What you will do:
Shown below is a listing with pictures; reproduce exactly, and only, the lines between the ones containing "Advent Calendar 2024" and "- Donald Trump", inclusive, leaving the pictures out.

Records for the task:
************
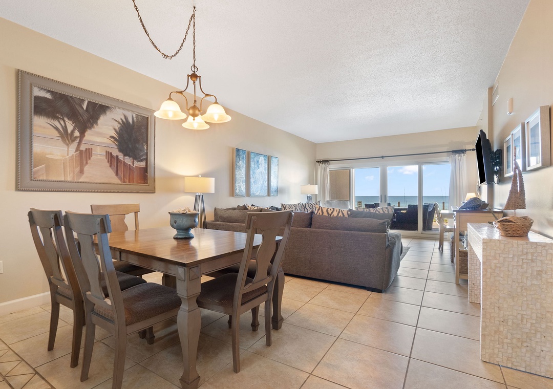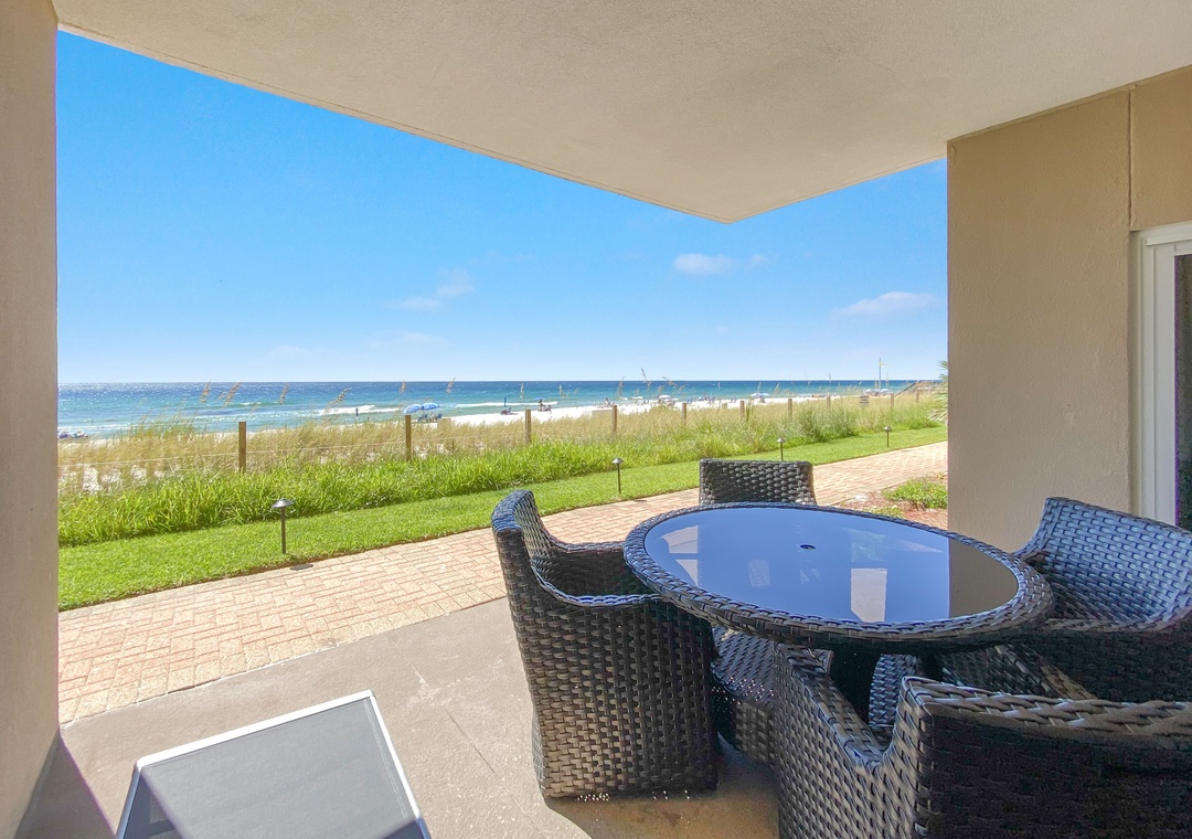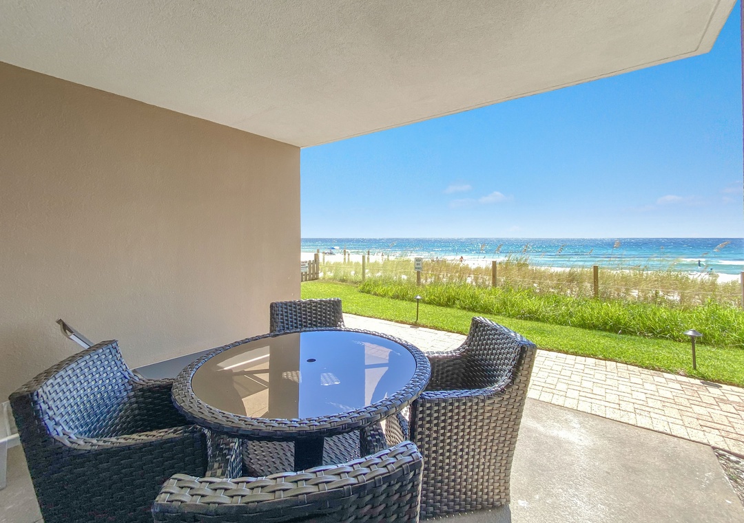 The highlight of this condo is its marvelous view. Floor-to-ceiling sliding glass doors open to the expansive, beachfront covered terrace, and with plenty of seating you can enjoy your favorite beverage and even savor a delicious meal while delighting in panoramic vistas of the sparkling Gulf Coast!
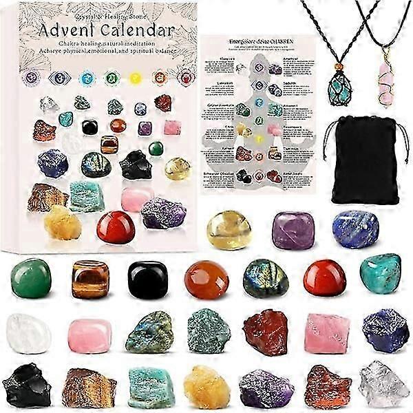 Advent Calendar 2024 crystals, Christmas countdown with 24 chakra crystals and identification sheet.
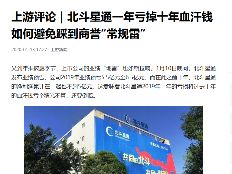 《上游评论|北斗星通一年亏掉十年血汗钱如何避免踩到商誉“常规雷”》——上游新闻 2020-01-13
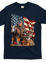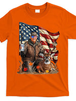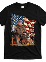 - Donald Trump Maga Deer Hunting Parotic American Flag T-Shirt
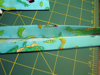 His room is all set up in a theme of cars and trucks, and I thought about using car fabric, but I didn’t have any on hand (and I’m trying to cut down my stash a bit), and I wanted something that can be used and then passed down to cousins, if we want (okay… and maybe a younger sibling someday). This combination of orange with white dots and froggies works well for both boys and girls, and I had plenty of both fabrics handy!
************
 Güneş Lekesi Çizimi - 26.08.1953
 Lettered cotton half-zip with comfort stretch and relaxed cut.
************
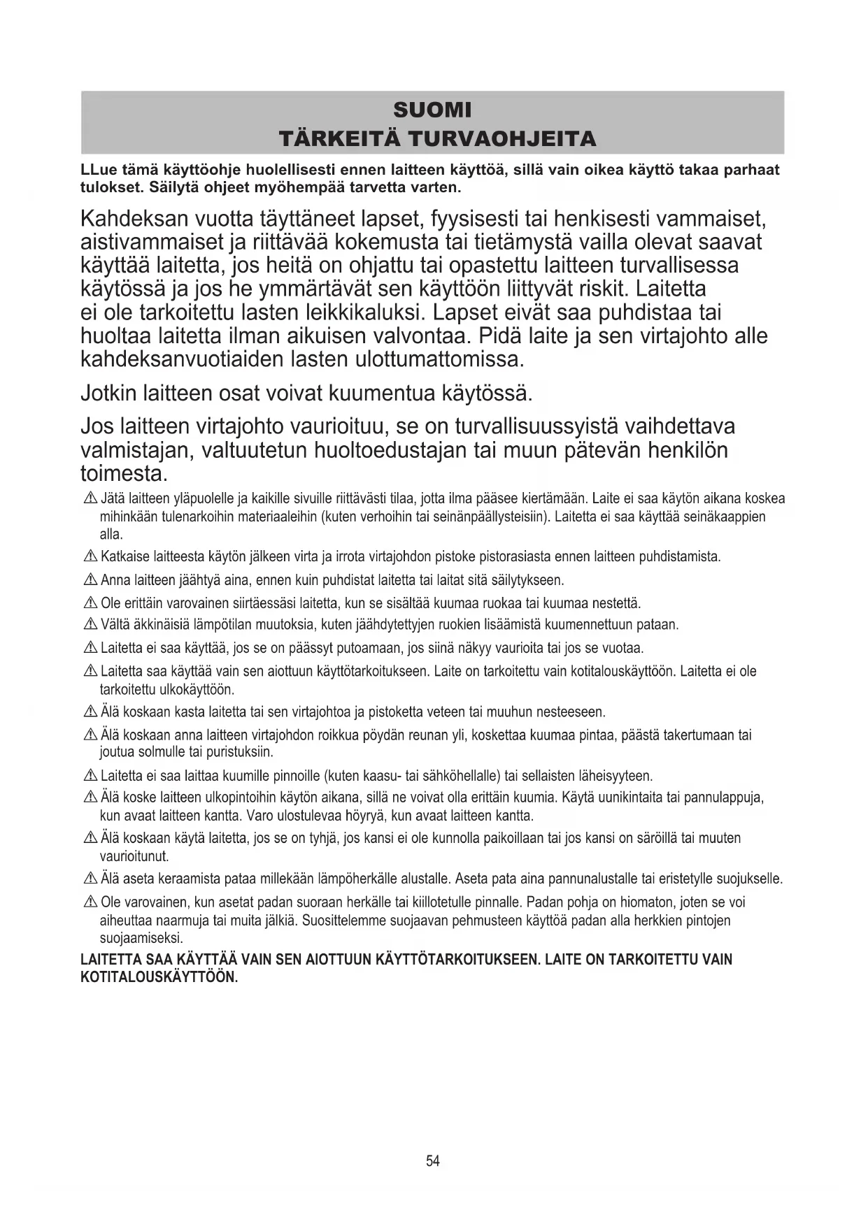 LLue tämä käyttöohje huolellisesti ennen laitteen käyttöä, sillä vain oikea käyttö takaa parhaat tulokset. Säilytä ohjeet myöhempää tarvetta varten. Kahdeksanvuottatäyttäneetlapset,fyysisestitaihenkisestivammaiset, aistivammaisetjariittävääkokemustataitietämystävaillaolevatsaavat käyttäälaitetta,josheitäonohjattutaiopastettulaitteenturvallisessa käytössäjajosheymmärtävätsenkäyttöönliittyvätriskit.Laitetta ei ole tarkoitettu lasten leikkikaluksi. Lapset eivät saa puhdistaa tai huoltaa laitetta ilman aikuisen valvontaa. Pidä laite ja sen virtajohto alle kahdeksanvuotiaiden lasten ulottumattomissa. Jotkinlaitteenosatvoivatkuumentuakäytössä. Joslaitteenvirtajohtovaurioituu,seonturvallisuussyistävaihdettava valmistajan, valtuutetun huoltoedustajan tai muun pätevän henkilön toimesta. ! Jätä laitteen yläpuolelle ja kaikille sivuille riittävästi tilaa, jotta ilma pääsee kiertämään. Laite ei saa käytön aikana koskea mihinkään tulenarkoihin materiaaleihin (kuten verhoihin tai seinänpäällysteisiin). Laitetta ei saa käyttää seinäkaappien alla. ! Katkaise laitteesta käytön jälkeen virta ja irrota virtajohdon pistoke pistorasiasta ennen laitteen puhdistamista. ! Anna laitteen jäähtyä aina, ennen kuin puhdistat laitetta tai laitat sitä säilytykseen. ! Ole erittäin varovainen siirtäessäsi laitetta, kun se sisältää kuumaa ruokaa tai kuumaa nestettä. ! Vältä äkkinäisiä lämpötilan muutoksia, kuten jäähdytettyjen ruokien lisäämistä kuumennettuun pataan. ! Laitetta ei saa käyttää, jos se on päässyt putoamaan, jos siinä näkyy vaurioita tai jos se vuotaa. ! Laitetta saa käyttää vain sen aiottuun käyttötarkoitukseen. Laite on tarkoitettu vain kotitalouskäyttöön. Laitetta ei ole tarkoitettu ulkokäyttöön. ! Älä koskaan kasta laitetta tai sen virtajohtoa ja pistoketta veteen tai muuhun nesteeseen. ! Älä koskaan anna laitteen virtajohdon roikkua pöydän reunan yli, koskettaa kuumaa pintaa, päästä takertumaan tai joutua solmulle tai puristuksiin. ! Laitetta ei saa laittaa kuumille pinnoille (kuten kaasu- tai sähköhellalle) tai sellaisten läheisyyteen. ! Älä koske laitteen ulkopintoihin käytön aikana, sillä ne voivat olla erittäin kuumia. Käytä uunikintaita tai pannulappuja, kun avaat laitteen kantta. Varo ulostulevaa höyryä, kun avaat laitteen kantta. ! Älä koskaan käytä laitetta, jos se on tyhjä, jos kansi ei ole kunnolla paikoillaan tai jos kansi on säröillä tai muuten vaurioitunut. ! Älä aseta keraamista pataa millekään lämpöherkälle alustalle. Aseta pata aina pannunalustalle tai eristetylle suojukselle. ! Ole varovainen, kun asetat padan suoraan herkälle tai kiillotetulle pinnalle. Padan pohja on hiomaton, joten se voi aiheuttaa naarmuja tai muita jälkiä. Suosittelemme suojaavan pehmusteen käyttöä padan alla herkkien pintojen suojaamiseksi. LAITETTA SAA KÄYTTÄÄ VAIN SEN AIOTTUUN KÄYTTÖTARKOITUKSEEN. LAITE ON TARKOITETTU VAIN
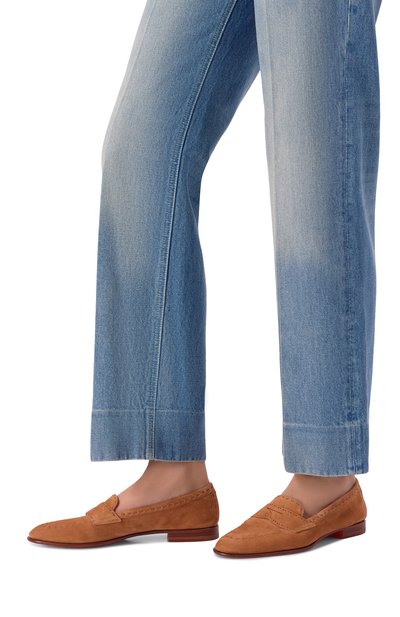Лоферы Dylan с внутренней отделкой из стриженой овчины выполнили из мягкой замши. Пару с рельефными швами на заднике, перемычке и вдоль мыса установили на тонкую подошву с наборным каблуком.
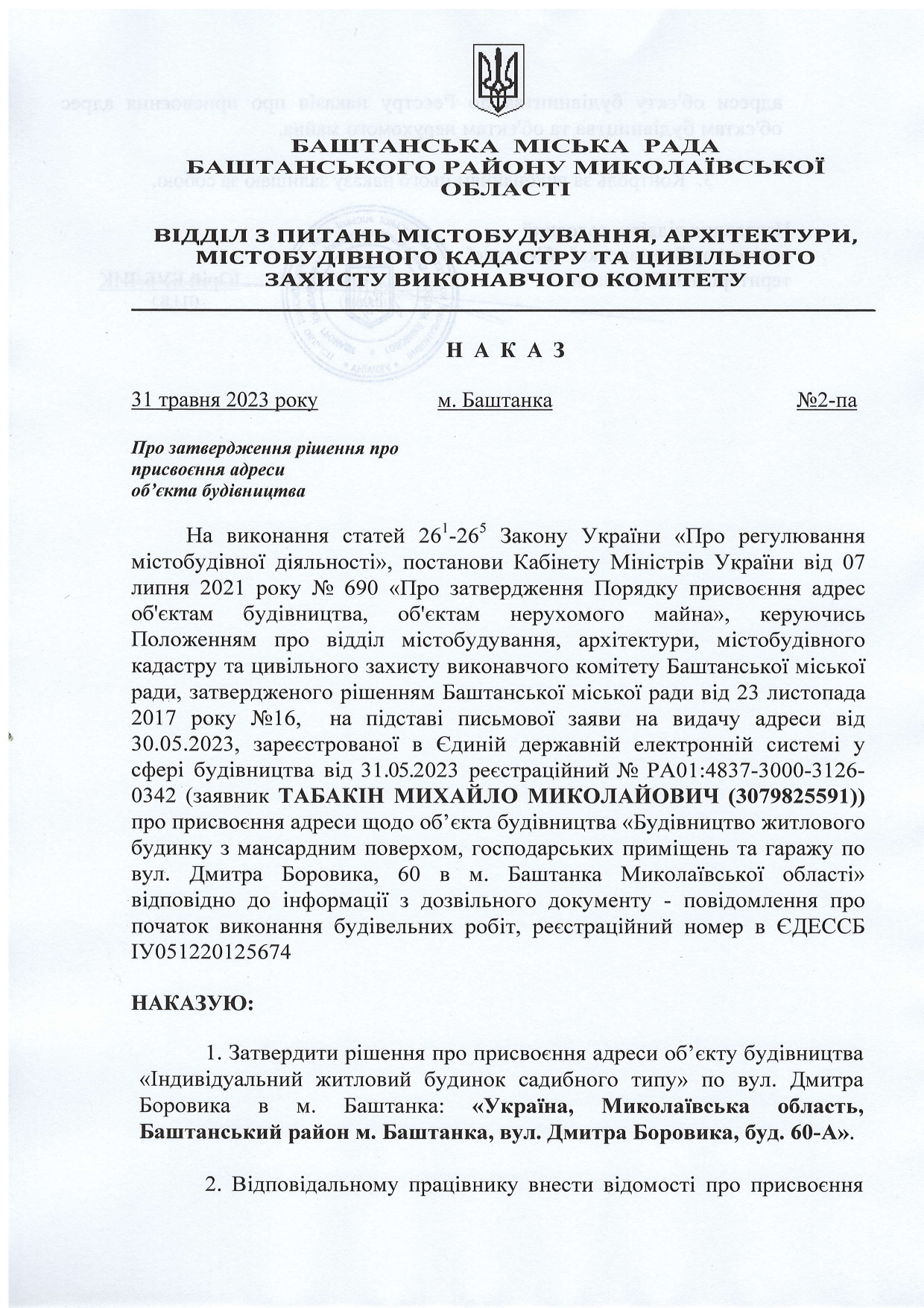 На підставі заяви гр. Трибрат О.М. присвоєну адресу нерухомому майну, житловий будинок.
************
Solution for this exercise:
 Advent Calendar 2024 crystals, Christmas countdown with 24 chakra crystals and identification sheet.
 《上游评论|北斗星通一年亏掉十年血汗钱如何避免踩到商誉“常规雷”》——上游新闻 2020-01-13
 - Donald Trump Maga Deer Hunting Parotic American Flag T-Shirt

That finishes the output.